El capitalismo no puede existir sin el castigo implacable de aquellos que transgreden sus prohibiciones a menudo mezquinas y despiadadas, y de hecho de aquellos cuyo castigo considera funcional para su supervivencia, independientemente de su “transgresión” nocional. Despliega cada vez más no solo la represión burocrática, sino también un sadismo invertido, abierto y supererogatorio. Hay innumerables ejemplos espantosos de rehabilitación y celebración de la crueldad, en el ámbito carcelario, en la política y la cultura. Espectáculos como este no son nuevos, pero no siempre han sido tan “desvergonzados”, como dice Philip Mirowski, “hechos para parecer tan poco excepcionales”, y no solo son una distracción sino parte de “técnicas de enseñanza optimizadas para reforzar el neoliberalismo”. uno mismo.”Tales sadismos sociales siempre han sido rechazados y combatidos, y oficialmente repudiados, particularmente “en casa”, en lugar de desplegados contra súbditos del gobierno colonial, por estructuras que se representan a sí mismas como racionales y justas, incluso misericordiosas. Eso está cambiando.

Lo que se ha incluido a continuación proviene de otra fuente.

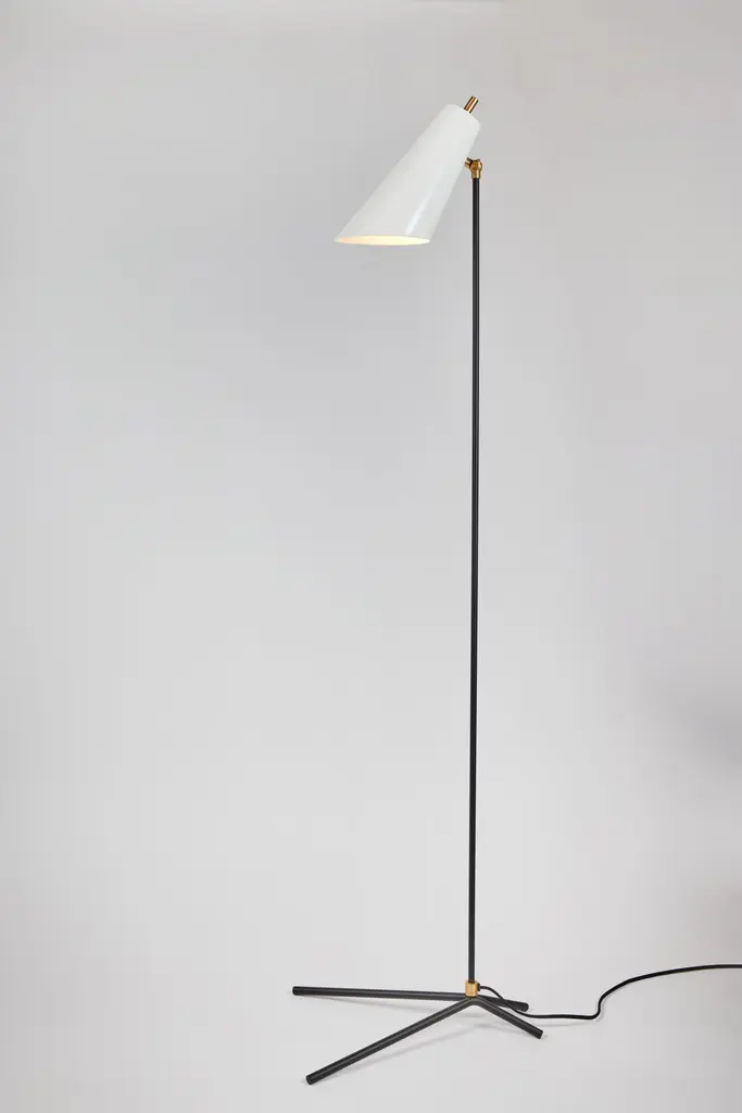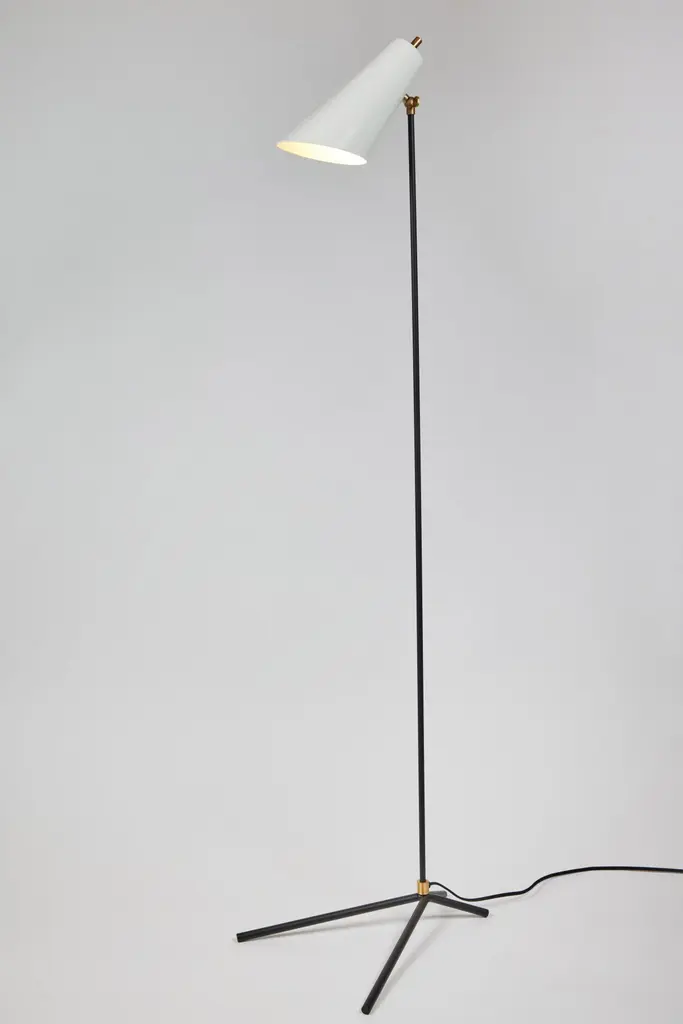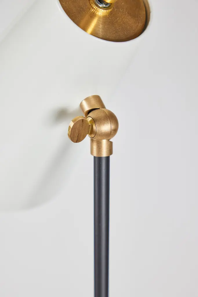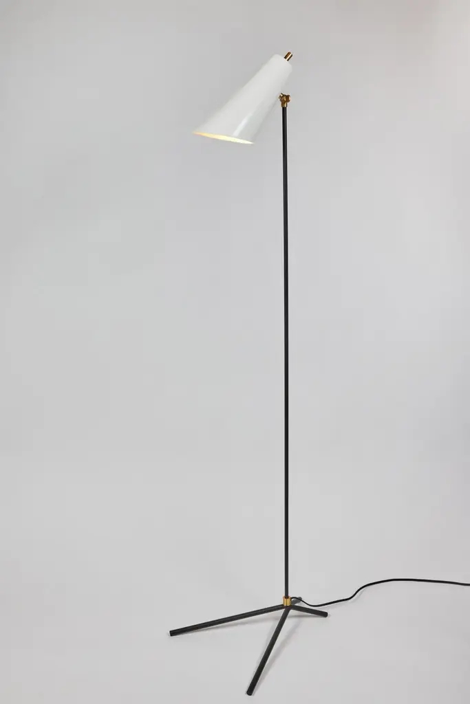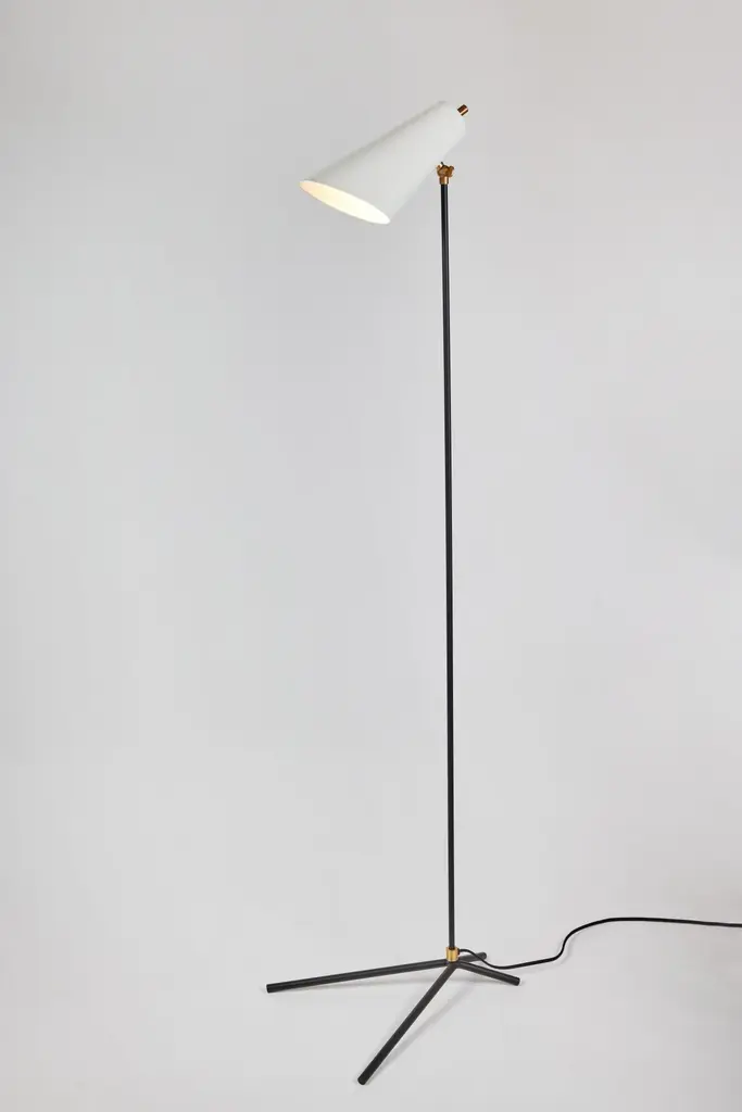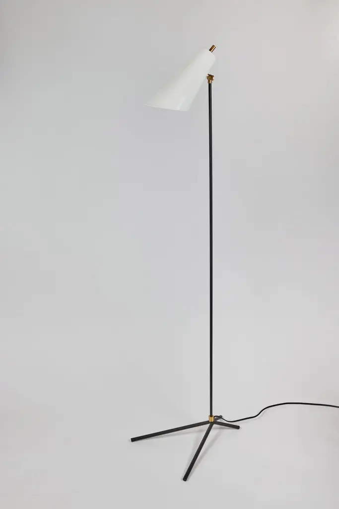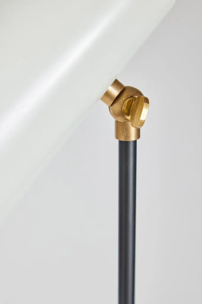 "Lucy" floor lamp in brass and metal by Alvaro Benitez. Hand-fabricated by Los Angeles based designer and lighting professional Alvaro Benitez, this UL listed and highly refined floor lamp is reminiscent of the iconic mid-century Italian designs of Arteluce and Stilnovo. Executed in black and white metal, shade can be rotated left, right, up and down for a flexible variety of lighting options.Price is per item. 1x lamp in stock and available for immediate shipment. Available to order in unlimited quantities with 2-3 week lead time. Out of stock lead time can add 6 weeks or more. Inventory and lead time is subject to change without notice. Please contact us for current lead time prior to placing time-sensitive orders. Accommodates a single medium base E26 maximum 60 watt equivalent LED bulb (bulb not included). UL listed.Please note that the brass parts of this lamp are fabricated in unlacquered brass. They will naturally patinate over time and can already show varied signs of patination through exposure to the elements, handling, etc.Made to order. All sales are final.

Este es un sistema que prospera y alienta tal sadismo, desesperación y falta de poder. Junto a lo cual se arrojan especies de “felicidad” nocional autoritaria, un “disfrute” monótono y obligatorio de la vida, una insistencia despiadada en la alegría, tal como lo describe Barbara Ehrenreich en su libro Smile or Die . Tal positividad obligatoria no es lo contrario, sino el otro co-constitutivo de tales miserias. Esta intimidación es una versión de lo que Lauren Berlant llama ” optimismo cruel “, incluso en la izquierda: no hay una esperanza ganada juiciosa sino una insistencia intimidante en la necesidad del pensamiento positivo, a costa no solo de la autonomía emocional sino del inevitable colapso cuando el mundo no está a la altura de tales restricciones.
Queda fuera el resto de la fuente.